Hailing from a hip-hop powerhouse central that is Atlanta, OutKast achieved success commercially and lyrically that paved the path for the rise of southern hip-hop. The duo’s popularity was no stranger to the private and public backlash with the release of their hit single “Rosa Parks”. Contrary to what the misleading title may imply, it was not primarily promoting any form of civil rights, but their fore-coming accomplishments. OutKast, the duo, is comprised of Antwan “Big Boi” Patton and Andre “Andre 3000” Benjamin, sometimes referred to as just Dre. Living in the East point section of Atlanta, the two met and started their music endeavors in high school with rap battles before being recognized by local producers. Dre and Big Boi, straight out of high school, signed to LaFace Records, a label that initially didn’t fully support the duo as they had no prior hip-hop gig.

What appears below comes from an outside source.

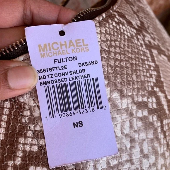 Michael Michael KorsFulton Medium Top Zip Convertible Shoulder Bag Dark Sand with Gold tone hardwareNew with Tags. Authenticity Guaranteed!Embossed Leather Buckled small shoulder strap with logo charm ringsAdjustable crossbody strapTop zip closureInterior zip pocket,2 interior slip pocketsExterior snap pocketStraps 4.5" and 19" dropLength: 11"Height: 8 1/4"Depth: 4" Fast shipped from USA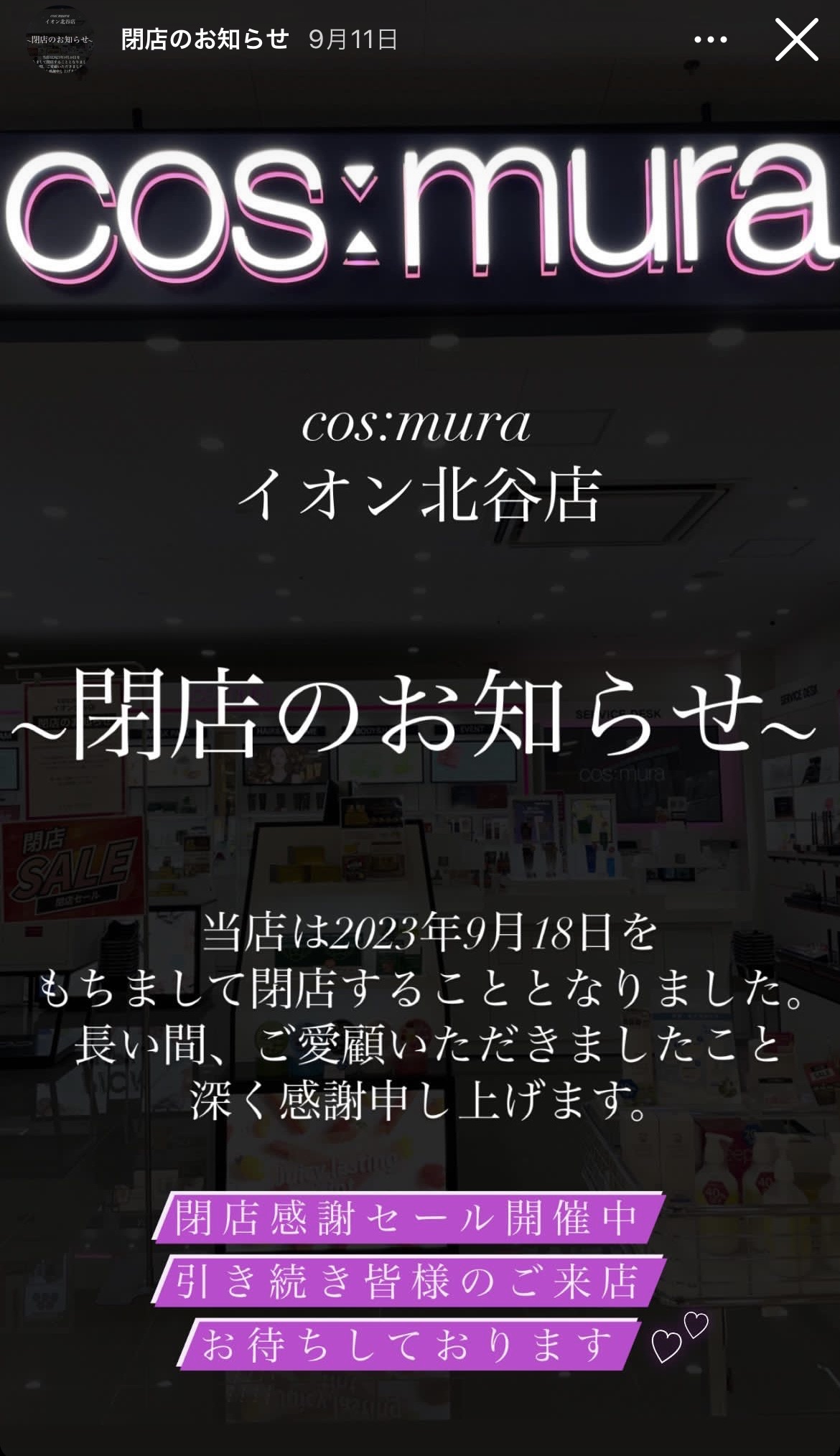 美浜のイオン北谷店内にあった韓国コスメブランドの専門店『cos:mura(コスムラ)イオン北谷店』が、2023年9月18日(月)に閉店していました。

However, their labels lack of respect for OutKast’s potential would go on to be their biggest break. Forced to participate in the label’s Christmas album 2 before debuting their own, they released an unconventional holiday track named “Player’s Ball” that topped the Billboard Hot Rap Tracks for weeks. Their newfound fame laid groundwork for their first hit album, Southernplayalisticadillacmuzik, which proved to the world that Southern rap was more than nothing amidst the east and west coast feud. In the process of garnering more respect, the label recognized their talents gave them more funding in addition to more flexibility in their next albums, ATLiens and Aquemini, which featured the introduction of the “new” and recreated OutKast.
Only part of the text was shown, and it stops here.